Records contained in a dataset
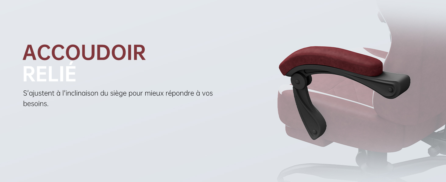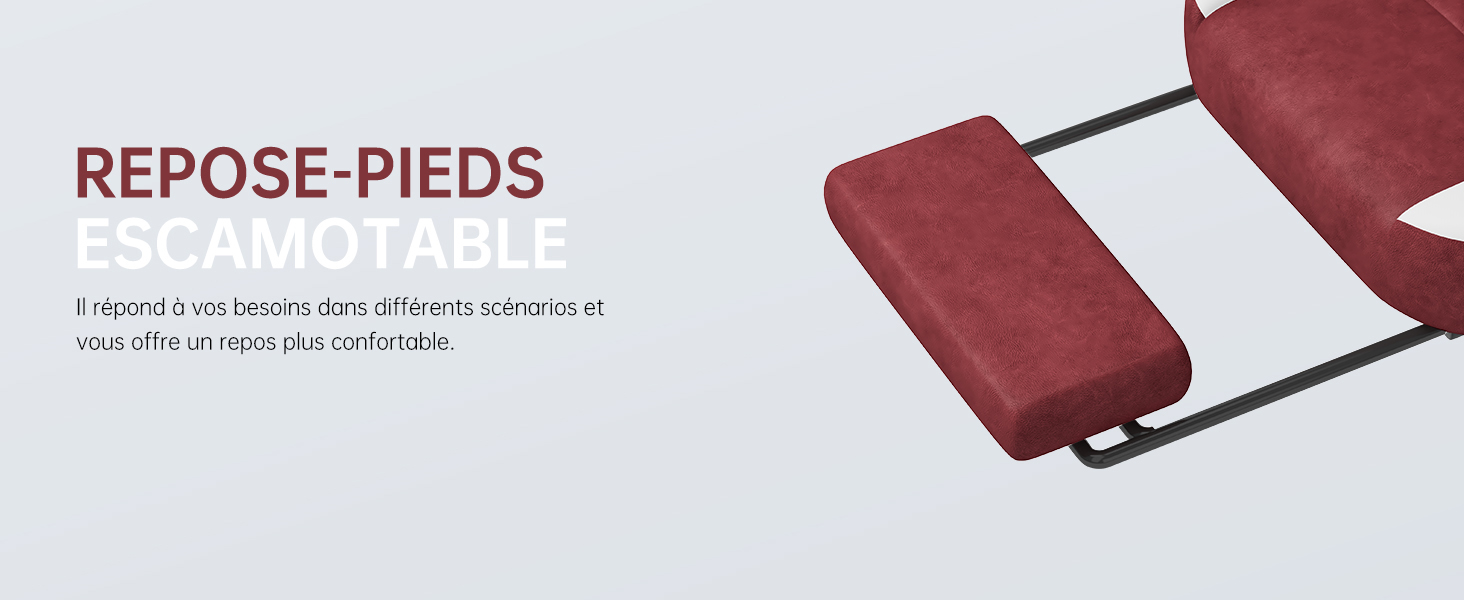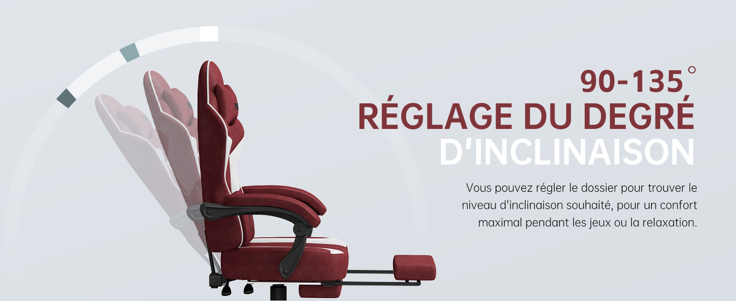 Le dossier s'incline jusqu'à 145°, offrant une position semi-allongée idéale pour le travail, le jeu ou la détente. Les accoudoirs réglables s'ajustent en hauteur et en angle, permettant d'adopter des postures variées. Le repose-pieds intégré et le coussin adapté à la taille réduisent la fatigue des jambes, alors que la structure robuste permet une utilisation prolongée sans perte de confort.
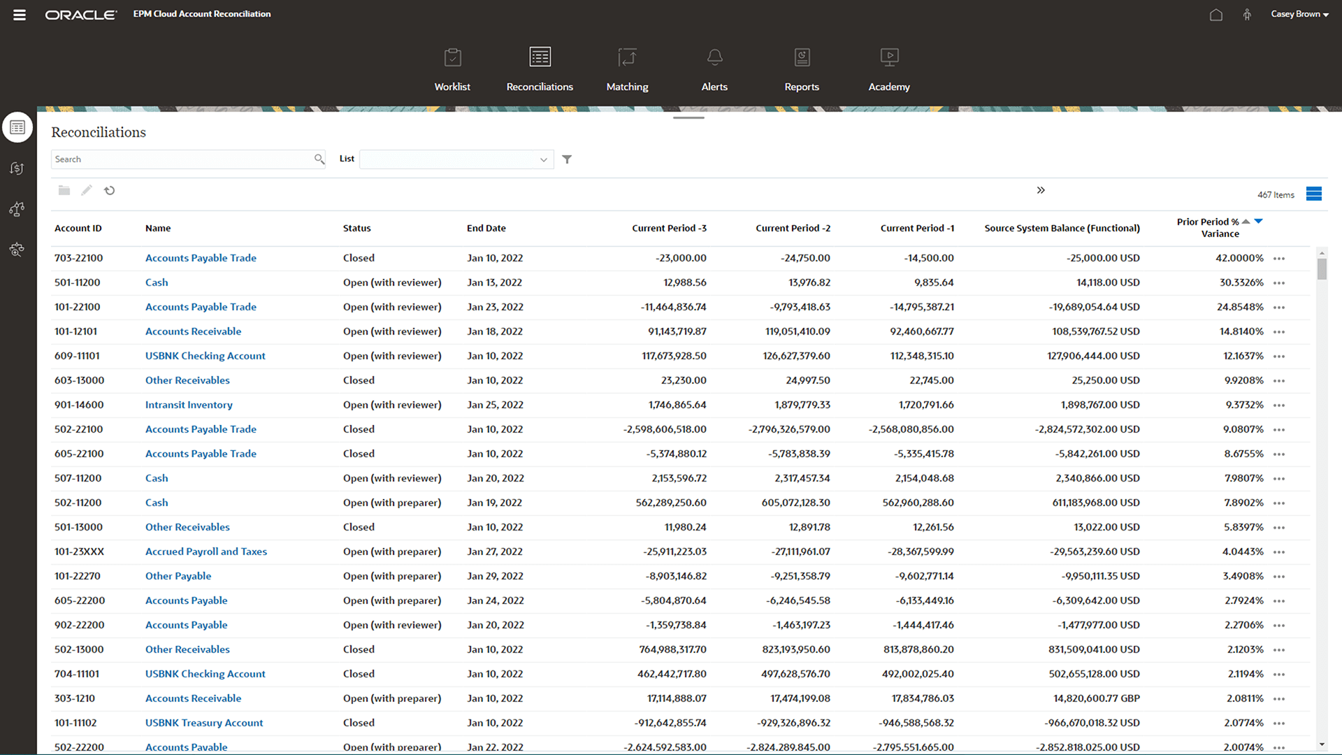 Account Reconciliationはスタンドアロンのソリューションではなく、Financial Consolidation and CloseおよびNarrative Reportingを含むOracle Fusion Cloud Enterprise Performance Management (EPM)と完全に統合されており、完全なエンドツーエンドの財務決算処理を実現します。
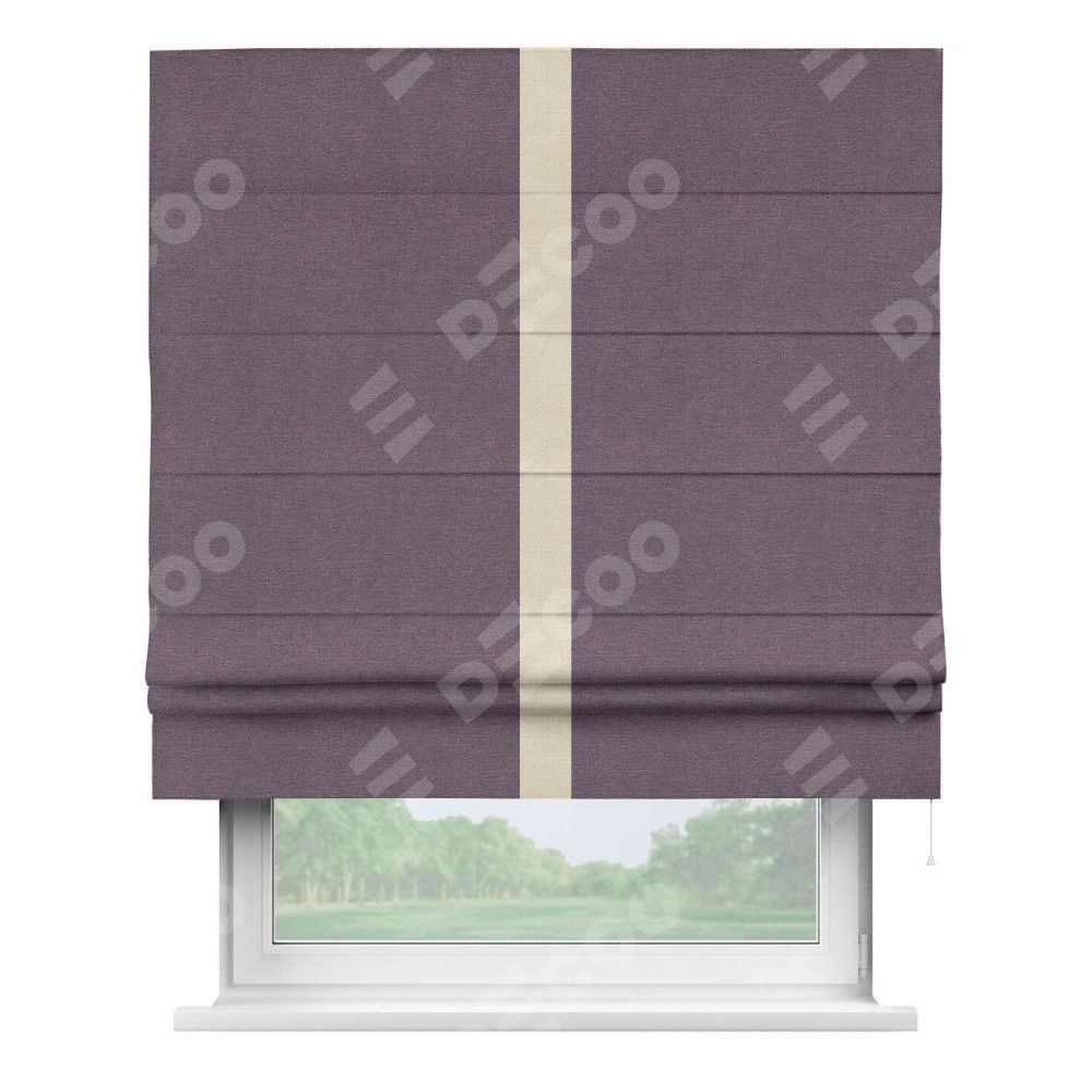 Римская штора производителя «Cortin», используется для проёма, пошита из ткани лён димаут светло-фиолетовый, артикул 83 034. Отделка шторы кантом «Хайвэй», ткань для канта используется из льна димаут разной расцветки на выбор. Имеет универсальный механизм и подходит для монтажа: на потолок, на стену и в нишу.
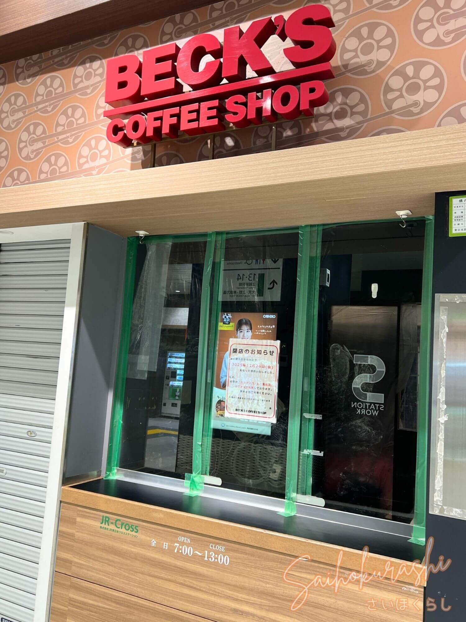 さらに、改札内の待合所にあった『BECK’S COFFEE SHOP 高崎新幹線』が閉店となりました。
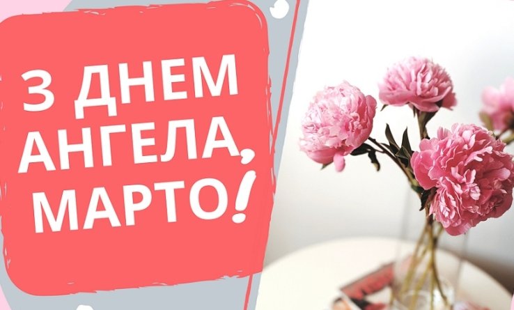 Марто, з Днем ангела! Бажаю весни в душі, зажди позитивних емоцій, неймовірних вражень та любові. Нехай тебе оточує тільки тепло і турбота! Нових перемог, відкриттів й успіхів в усіх справах!
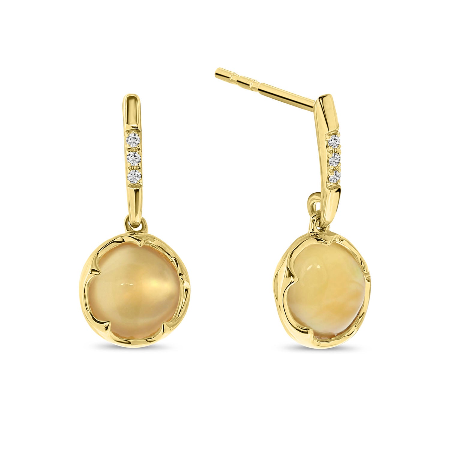 Cercei din aur galben cu citrin si diamante din colectia Diamonds by Siebel. Confectionati din aur galben de 14 karate, acesti cercei prezinta un citrin galben rotund si diamante. Asociati cerceii cu colierul si inelul asortate pentru a va completa look-ul.
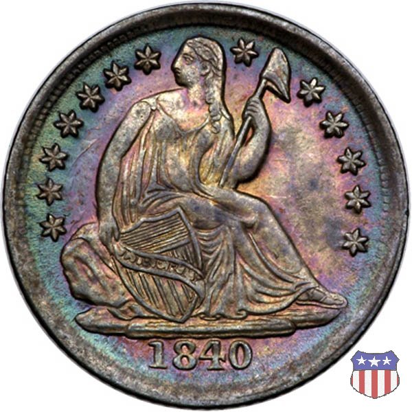 L'half dime disegnato da Christian Gobrecht, porta al dritto la figura seduta di Lady Liberty da cui prende nome, vista per la prima volta sul dollaro 1836, e al rovescio il valore, scritto per la prima volta nella forma HALF DIME, all'interno di una corona. Ben quattro sono le varianti di questa moneta, che si distinguono per la presenza o meno delle stelle al dritto, di due frecce ai lati della data, della legenda UNITED STATES OF AMERICA che passa dal rovescio al dritto, per la forma della corona e, "dulcis in fundo", per una differenza di peso.
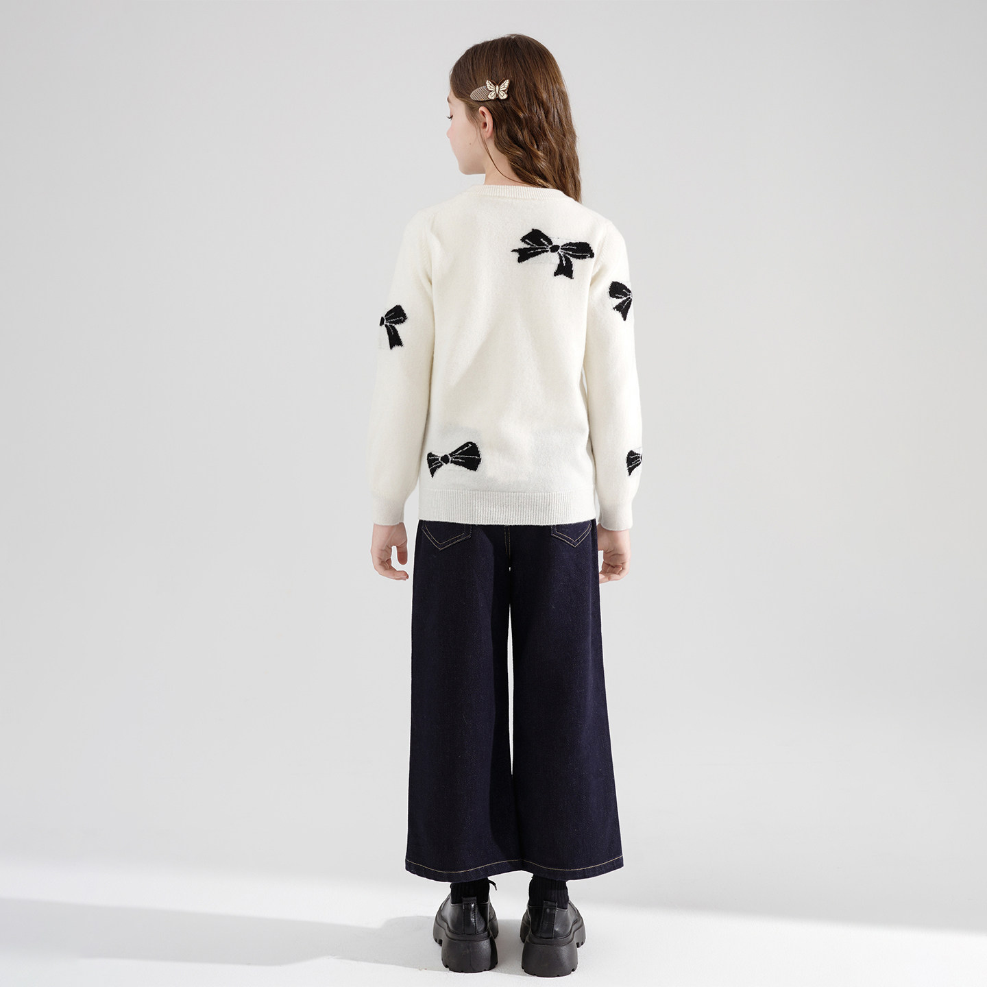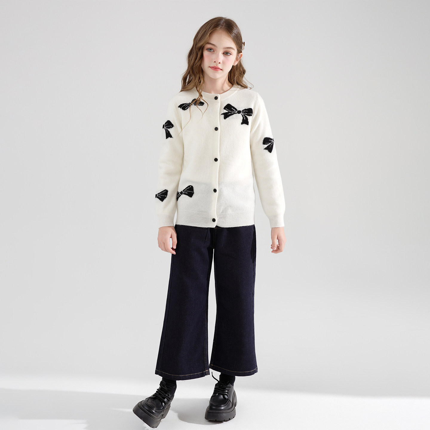 儿童羊毛开衫女童蝴蝶结公主风系扣毛衣女宝圆领外穿针织外套
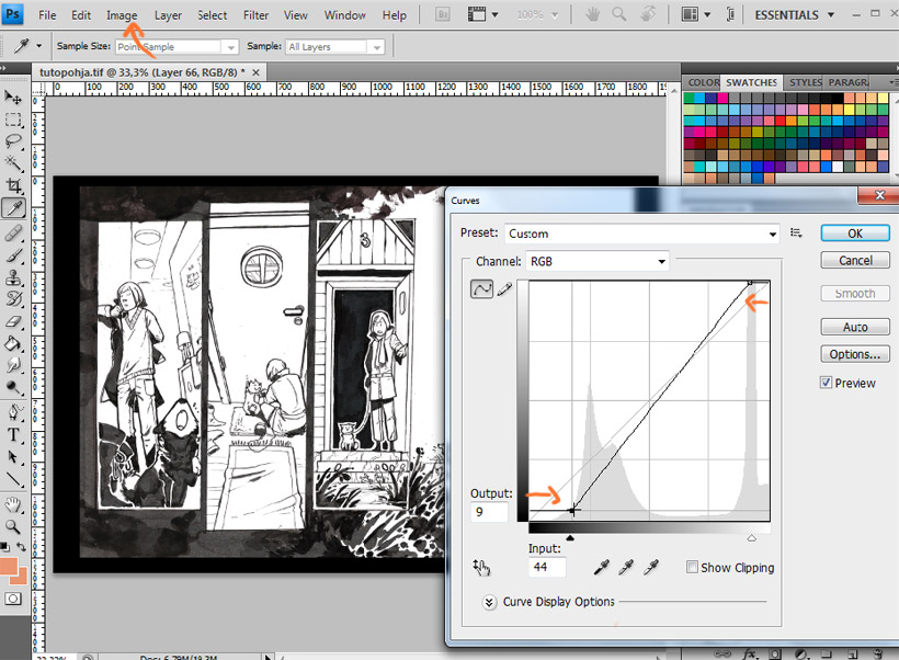 The first thing I do with every scanned piece of lineart is to make sure the white areas are white rather than light grey and make the dark areas a bit darker if needed. This I do in the curves window (nr.1 in the image below) by dragging the top part of the curve to the left to turn the light grey parts into white. The bottom end of the curve controls the dark values, and dragging it around adjusts their intensity. As you can see in the video, I also even out the brush strokes in the large, black areas by carefully painting some gey over them with a very rough and highly transparent brush.

▶ **Task prompt**: For the records above, output each one exactly and skip any image.

▶ **Problem solution**:
 Le dossier s'incline jusqu'à 145°, offrant une position semi-allongée idéale pour le travail, le jeu ou la détente. Les accoudoirs réglables s'ajustent en hauteur et en angle, permettant d'adopter des postures variées. Le repose-pieds intégré et le coussin adapté à la taille réduisent la fatigue des jambes, alors que la structure robuste permet une utilisation prolongée sans perte de confort.
 Account Reconciliationはスタンドアロンのソリューションではなく、Financial Consolidation and CloseおよびNarrative Reportingを含むOracle Fusion Cloud Enterprise Performance Management (EPM)と完全に統合されており、完全なエンドツーエンドの財務決算処理を実現します。
 Римская штора производителя «Cortin», используется для проёма, пошита из ткани лён димаут светло-фиолетовый, артикул 83 034. Отделка шторы кантом «Хайвэй», ткань для канта используется из льна димаут разной расцветки на выбор. Имеет универсальный механизм и подходит для монтажа: на потолок, на стену и в нишу.
 さらに、改札内の待合所にあった『BECK’S COFFEE SHOP 高崎新幹線』が閉店となりました。
 Марто, з Днем ангела! Бажаю весни в душі, зажди позитивних емоцій, неймовірних вражень та любові. Нехай тебе оточує тільки тепло і турбота! Нових перемог, відкриттів й успіхів в усіх справах!
 Cercei din aur galben cu citrin si diamante din colectia Diamonds by Siebel. Confectionati din aur galben de 14 karate, acesti cercei prezinta un citrin galben rotund si diamante. Asociati cerceii cu colierul si inelul asortate pentru a va completa look-ul.
 L'half dime disegnato da Christian Gobrecht, porta al dritto la figura seduta di Lady Liberty da cui prende nome, vista per la prima volta sul dollaro 1836, e al rovescio il valore, scritto per la prima volta nella forma HALF DIME, all'interno di una corona. Ben quattro sono le varianti di questa moneta, che si distinguono per la presenza o meno delle stelle al dritto, di due frecce ai lati della data, della legenda UNITED STATES OF AMERICA che passa dal rovescio al dritto, per la forma della corona e, "dulcis in fundo", per una differenza di peso.
 儿童羊毛开衫女童蝴蝶结公主风系扣毛衣女宝圆领外穿针织外套
 The first thing I do with every scanned piece of lineart is to make sure the white areas are white rather than light grey and make the dark areas a bit darker if needed. This I do in the curves window (nr.1 in the image below) by dragging the top part of the curve to the left to turn the light grey parts into white. The bottom end of the curve controls the dark values, and dragging it around adjusts their intensity. As you can see in the video, I also even out the brush strokes in the large, black areas by carefully painting some gey over them with a very rough and highly transparent brush.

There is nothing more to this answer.